6 Chilean Dishes That Will Immediately Make You Hungry
Located between the Pacific Ocean and the Andes, a location that boasts impressive biodiversity and more than 2,500 miles of coastline, Chile is a dream destination for food-focused travelers. Whether it’s meals with centuries-old aboriginal influences, contemporary dishes, or home cooking, Chilean cuisine is known for rich flavors, bright colors, and regional variation.

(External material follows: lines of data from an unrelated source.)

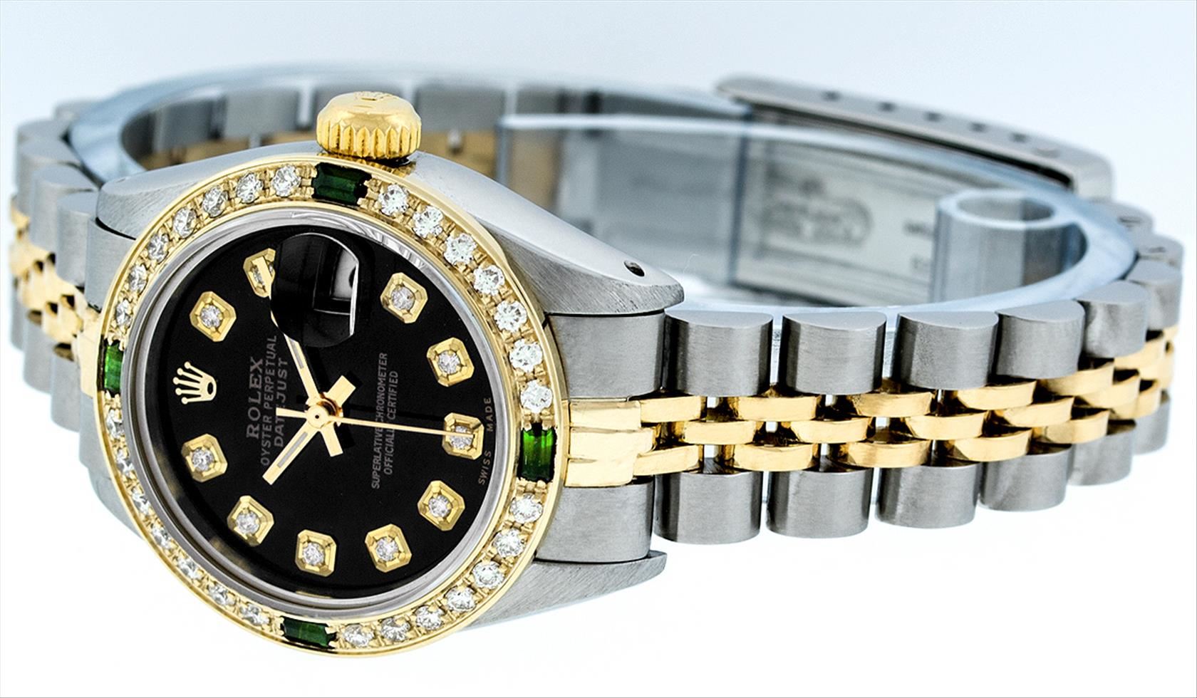 One Ladies Two Tone Rolex Datejust Polished, Serviced & Electronically Tested, 14K Yellow Gold & Stainless Steel Case:26mm, 14K Yellow Gold Crown, Custom Bezel: 18K Yellow Gold Emerald Beadset Diamond Bezel, Diamond Count: 28 Diamonds + 4 Emeralds Total Weight .70 Carat, Clarity: Si-VS, Color: G to H. Custom Crystal: Synthetic Sapphire Cyclops Lens. Movement: Automatic Winding Movement Caliber 2030. Custom Dial: Black With Diamond Hour Markers, Diamond Count: 10 Diamonds In Dial. Diamond Color: G To H, Clarity: SI-VS. Date Window: 3 O'Clock Position Date Display, Model: Datejust. Condition: G-6 Extra Fine. Bracelet: Two Tone 14K Yellow Gold & Stainless Steel Jubilee Band. Bright Polish. 5.5 Inch Length, Adjustable. Standard Clasp, With Rolex Logo.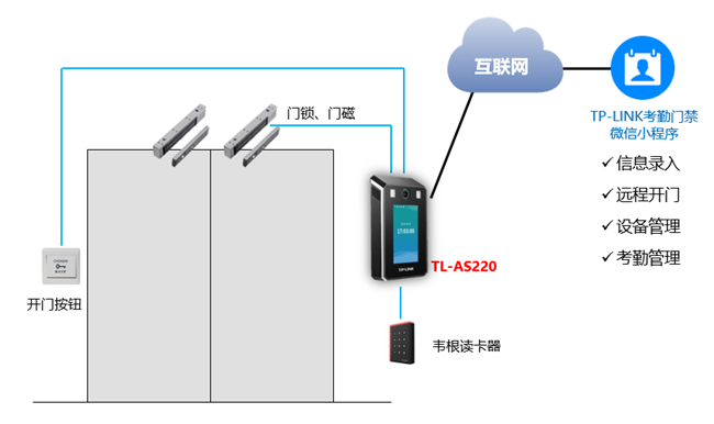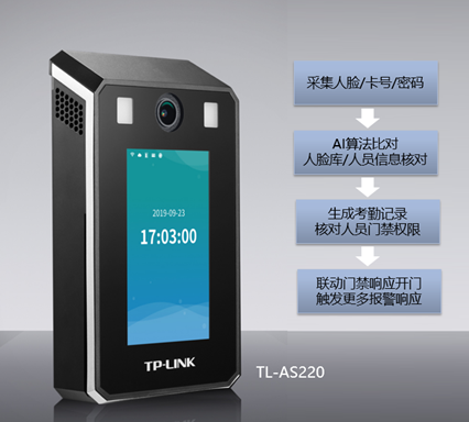 TL-AS220是内置1T AI算力的人脸识别智能终端,能够快速精准的采集人脸并进行实时比对,输出考勤记录、联动门禁开关门、报警及录像,是一款综合一体的控制设备。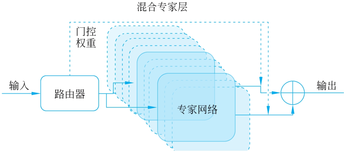 MoE层由一个门控网络和一组专家网络组成,如图2.8所示。对于一个输入,MoE层的输出是几个专家网络的输出的加权和。专家网络的权重由门控网络确定。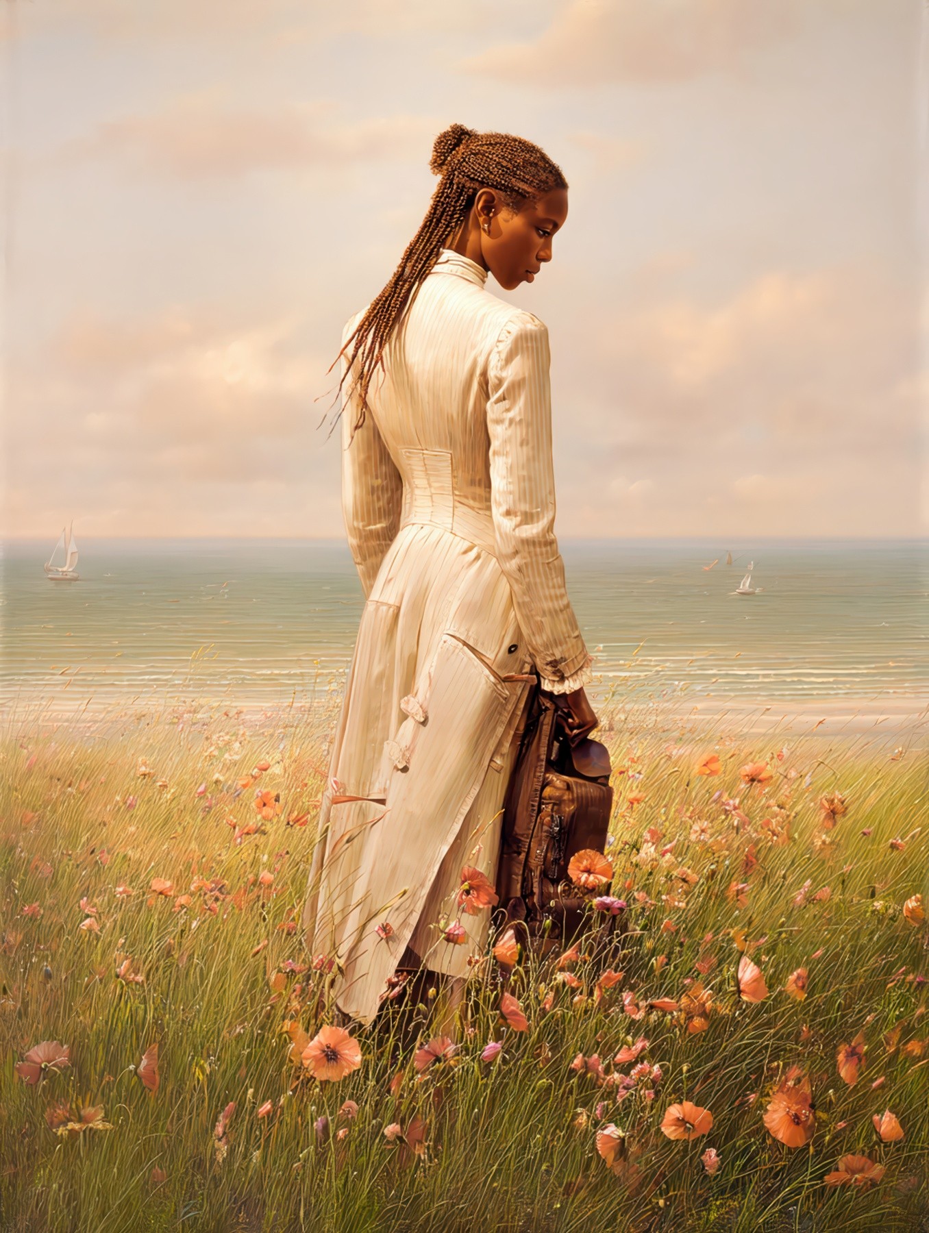 A serene and contemplative moment as a woman stands among wildflowers overlooking the sea, her posture filled with quiet grace. The muted tones of her flowing attire harmonize with the warm light of the coastal landscape, evoking themes of solitude, reflection, and timeless beauty

Here’s a look at six popular traditional Chilean dishes that highlight the diversity of delicious flavors available in the South American country.
1. Caldillo de Congrio
Caldillo de congrio is a refreshing, light stew with an intense and savory flavor due to the inclusion of conger eel. Some Chileans add other seafood like clams or mussels, while the soup also usually features tomato, onions, garlic, potatoes, carrots, and various spices. It’s usually thickened with a splash of cream and topped with fresh cilantro and parsley.

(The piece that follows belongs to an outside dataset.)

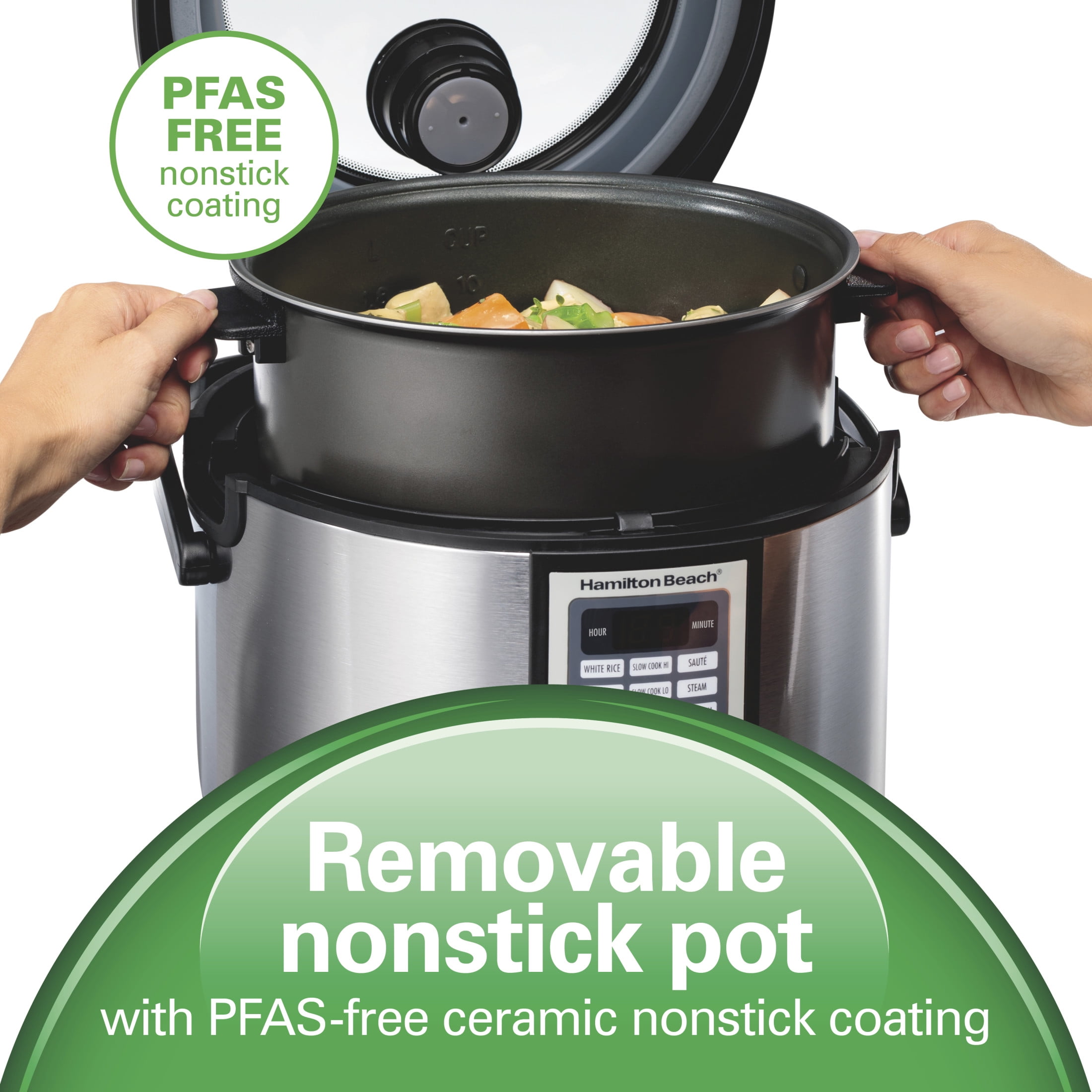 One cooker, endless possibilities. With a 4.5 quart capacity, the Hamilton Beach® Digital Multi Cooker combines the functions of a rice cooker, slow cooker, food steamer and more into a single compact appliance. Intuitive digital controls make switching between cooking methods effortless. Make Easy Rice and Hot Cereal. Individual cook options make it easy to prepare white rice and brown rice plus hot cereals like oatmeal, grits and more. Slow Cook on Low and High. Low and high slow cook settings with steady and gradual heat offer the same results as a traditional slow cooker. Steam Up Healthy Meals. Steam seafood, poultry or vegetables in the steam basket while rice or grains cook below, or steam them on their own. Sauté and Soup. Sauté vegetables before adding grains for a risotto dish or simmer a batch of soup in time for family dinner. Clear Glass Lid. Glass lid lets you see your food and monitor the entire cooking process. Digital Controls Push-button digital controls makes switching between functions effortless. Includes Keep Warm and Delay Start options and a countdown timer. Removable Nonstick Pot. The nonstick inner pot is removable and dishwasher safe for easy cleanup. Convenient handles help lift it from the base comfortably. Accessories Included. A steaming basket, rice paddle and measuring cup are included in the box. Hamilton Beach® products are thoughtfully designed to make your life easier. We use consumer insights, in-depth research and rigorous testing to deliver the best solution to your everyday needs. Whether it’s preparing delicious meals and beverages effortlessly, or making your clothes look their best, you can count on the brand that has spent over 100 years creating products with you in mind.

Caldillo de congrio is eaten hot on cold winter days, traditionally out of a clay dish. It is particularly popular in central Chilean coastal towns and south of Talcahuano. Chilean Nobel-Prize-winning poet Pablo Neruda was among its most famed admirers, once writing that caldillo de congrio was “a delight that must be tasted, a delicacy worthy of the gods.”
2. Cazuela
Cazuela is another popular Chilean stew best prepared on cold winter evenings. Named after the type of pot in which it’s cooked, the stew has many variations, but usually has chicken as its protein along with quinoa, corn, potatoes, green beans, and peppers. Other meats may also be used, like beef, turkey, or pork, and rice or noodles can be added for a heartier, more filling stew. Locals are passionate about this popular comfort food and tend to have their own favorite variations.
In many variations, the meat and vegetables are either cut into large chunks or left whole while cooking in the delicious broth. Some people cut up the meat and vegetables in the bowl and eat them together with the broth, but it’s customary to eat all of the broth first, followed by meat and vegetables.
3. Sopaipilla
Pumpkin is a popular squash ingredient in Chilean cooking. It’s used in porotos granados con pilco, sometimes added in cazuela, and one of the key ingredients in sopaipillas, a disc-shaped fried dough snack usually eaten after meals and a popular street food. They can also be triangular- or square-shaped. Like a pumpkin fritter, sopaipillas are made by combining flour, pumpkin, water, and salt, resulting in a crisp and light pastry that can be made sweet or salty with other additions.
For a sweet after-dinner snack, Chileans will often sprinkle sugar on top of sopaipillas or dip them in chancaca (black beet sugar sauce). Alternatively, they can be eaten with pebre, a hot chili pepper sauce with cilantro, onions, garlic, green hot chili pepper, salt, and oil. There are many variations of sopaipilla throughout Latin America, but the addition of cooked pumpkin is unique to Chile.
4. Curanto
Curanto is more of a cooking process than the name of a dish, but it’s something all foodies should experience on a trip to Chile. A centuries-old preparation popularized by Mapuche communities in southern Chile, it involves steaming meat, fish, and vegetables using hot stones in a hole dug in the ground. In its most authentic form, the food is placed on rhubarb leaves, which lay on top of the heated stones, and cook for several hours covered in additional leaves and soil.
Essentially a surf-and-turf dish, the curanto usually features chicken, sausage, shellfish (clams or mussels), and potatoes. It is a communal meal that usually brings together families who bring their own ingredients, resulting in slight variations every time.
5. Arrollado de Huaso
Also popular in southern Chile, arrollado de huaso is a boiled pork roll prepared with bacon, spices, and chili served with a chili pepper sauce (huaso) and fresh avocado salsa. Pork meat pulp is the primary source of meat in the roll; Chileans in southern regions try to make use of all animal parts to survive the colder winter seasons. The mixture of meat and spices is rolled in pork skin and cooked in a flavorful broth.
6. Completo
While many people associate hot dogs with the United States, Chile also has its own authentic variation of the popular street food. A Chilean staple for more than a century, the completo hot dog was inspired by the US version but is larger and known for an abundance of toppings, which include avocado, onion, sauerkraut, and tomato. The Italiano, which features tomato, mayonnaise, and avocado, is a particularly popular variation, while other creative toppings include fries, scrambled eggs, and green beans.
The hot dog has become so popular that Chileans celebrate it every year on May 24 as part of Completo Day.